Assigned task: The output should be the listing below, limited to the lines from the one with "INSPIRE, ENCOURAGE and" through the one with "劍擊運動員連翊希到訪屯門路德", exact and without pictures.

Exercise data:
________________________

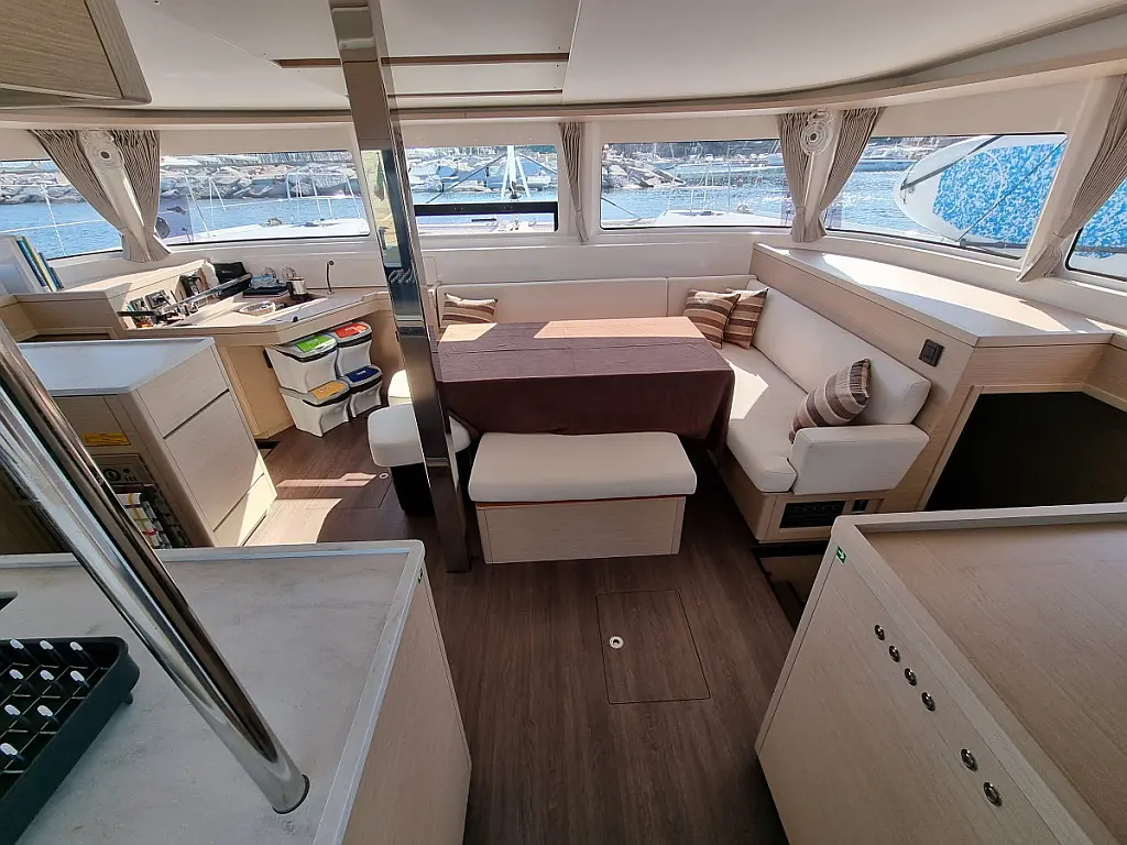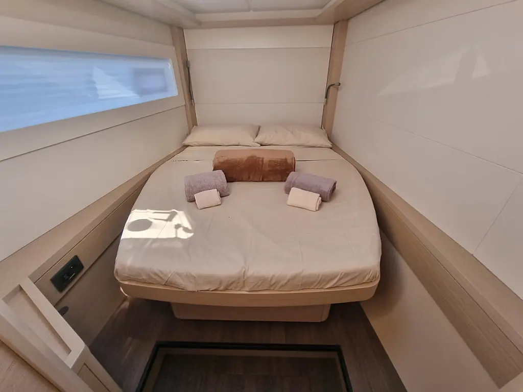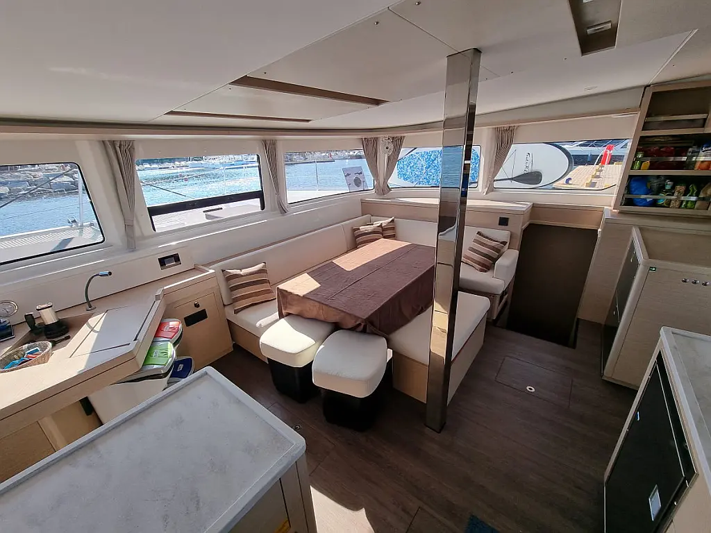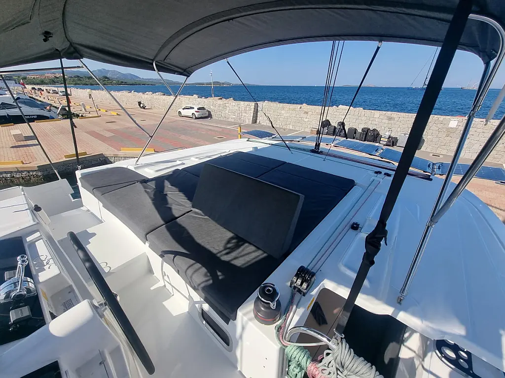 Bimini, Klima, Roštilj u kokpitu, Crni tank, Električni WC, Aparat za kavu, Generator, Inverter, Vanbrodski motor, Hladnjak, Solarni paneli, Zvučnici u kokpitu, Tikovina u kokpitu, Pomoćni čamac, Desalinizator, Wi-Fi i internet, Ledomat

________________________

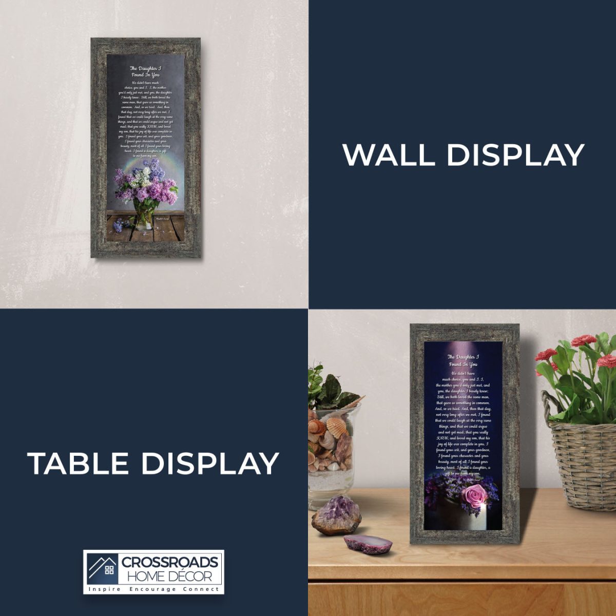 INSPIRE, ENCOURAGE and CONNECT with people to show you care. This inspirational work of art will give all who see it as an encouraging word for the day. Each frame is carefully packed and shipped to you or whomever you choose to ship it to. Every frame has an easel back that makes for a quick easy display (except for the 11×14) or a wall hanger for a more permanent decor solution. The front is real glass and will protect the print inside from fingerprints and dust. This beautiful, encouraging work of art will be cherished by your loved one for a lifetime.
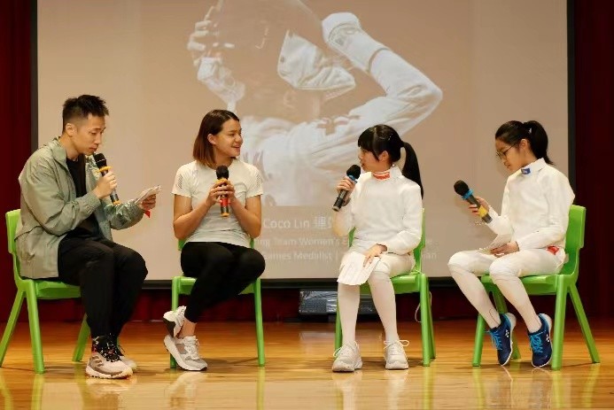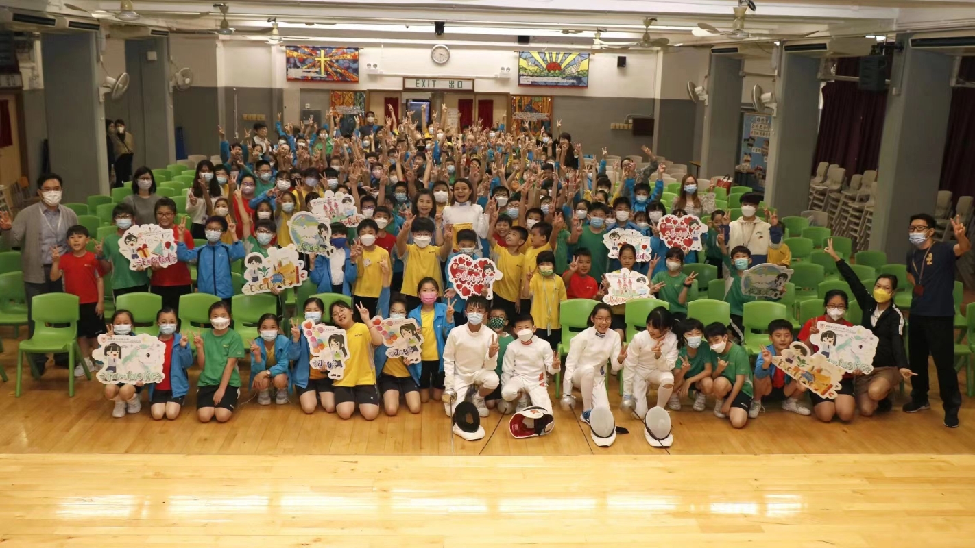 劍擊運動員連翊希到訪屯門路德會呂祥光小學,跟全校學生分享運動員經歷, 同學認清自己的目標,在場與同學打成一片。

________________________

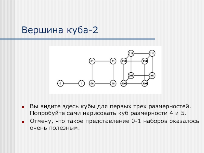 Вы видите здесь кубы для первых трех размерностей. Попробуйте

________________________

Solution to the exercise:
 INSPIRE, ENCOURAGE and CONNECT with people to show you care. This inspirational work of art will give all who see it as an encouraging word for the day. Each frame is carefully packed and shipped to you or whomever you choose to ship it to. Every frame has an easel back that makes for a quick easy display (except for the 11×14) or a wall hanger for a more permanent decor solution. The front is real glass and will protect the print inside from fingerprints and dust. This beautiful, encouraging work of art will be cherished by your loved one for a lifetime.
 劍擊運動員連翊希到訪屯門路德會呂祥光小學,跟全校學生分享運動員經歷, 同學認清自己的目標,在場與同學打成一片。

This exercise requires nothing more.